Them’s Fighting Words

We have to thank wars and conflict for many of the popular words in our language today. During occupations our soldiers pick up slang; while fighting with another culture, we learn more about it and assimilate its words (quite the opposite of politicians’ intentions, I think).

World War II boosted the English vocabulary. The thing about world wars is that the participants are forced to be in contact with civilizations around the globe, whether they agree with those people and their ideologies or not. WWII first brought us blitz (1940, from German Blitzkriegsnafu (1941, military abbreviation, ‘situation normal, all f*cked up’), honcho (1947, from Japanese Hancho), and pin-up (1941, first was Dorothy Lamour). The atomic bombs created some menacing vocab: countdown, fallout, fission, fusion, mushroom cloud, and test site.

Next came the Korean War. Also known as The Forgotten War or the Unknown War, this war had an ambiguous ending and it’s culturally disremembered in the US. Brainwashing is a term from this war. It’s a direct translation of the Chinese term xi nao (1950). Chopper, slang for helicopter, is military slang from the same period (1951). I’m guessing the term comes from the chopping action of the helicopter blades.

The Vietnam war created and introduced even more words: defoliate, domino theory, napalm. Some words took on new meanings: a situation escalates, pacification meant to wipe out resisters, and hawks and doves were pro- or anti-war. Nixon’s use of the phrase the silent majority caused a wide spread of the phrase after a presidential address.

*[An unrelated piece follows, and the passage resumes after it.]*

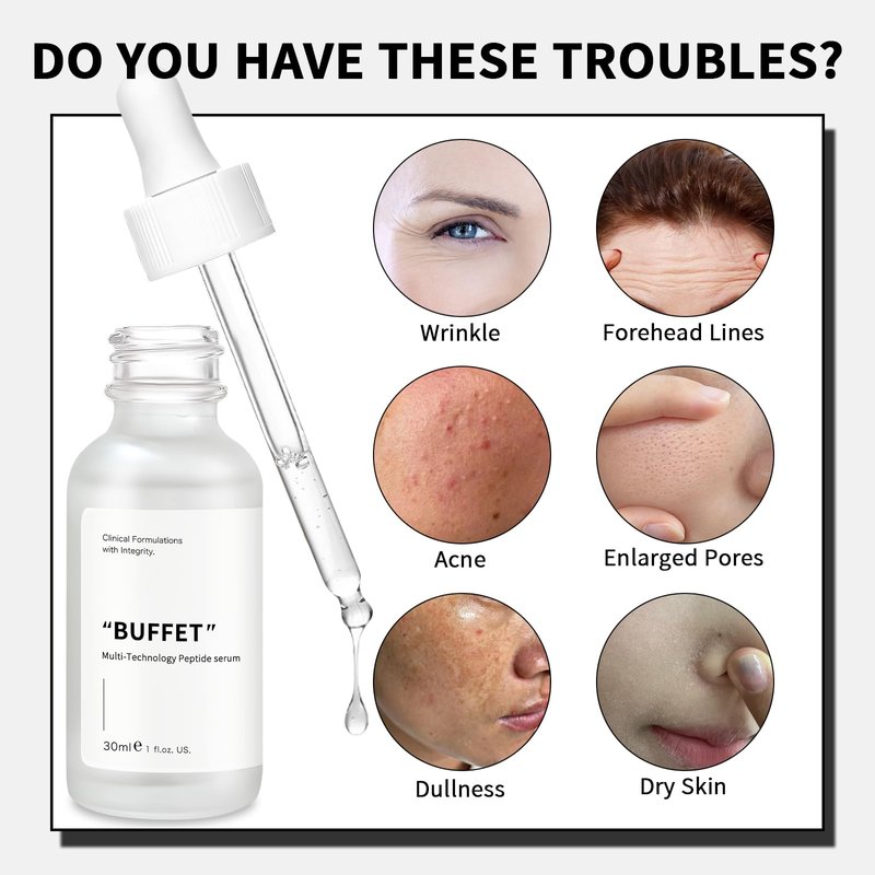 - Anti-Aging Serum: Buffet peptides serum is made from a variety of natural peptide ingredients designed to hydrate and nourish the skin, targeting a wide range of signs of aging for anti-wrinkle and anti-aging skincare needs

I got the idea for this post from a book I’m reading: The Story Of English by Robert McCrum, Robert MacNeil, and William Cran.

0 Comments Add Yours ↓

  1. 1

    this is really interesting maggie. my dad was an airman, and i grew up with SNAFU in the vocab. cool to know where it comes from!

  2. 2

    my dad says “fubar” = f*d up beyond all recognition. what say you word guru? is FUBAR in your books?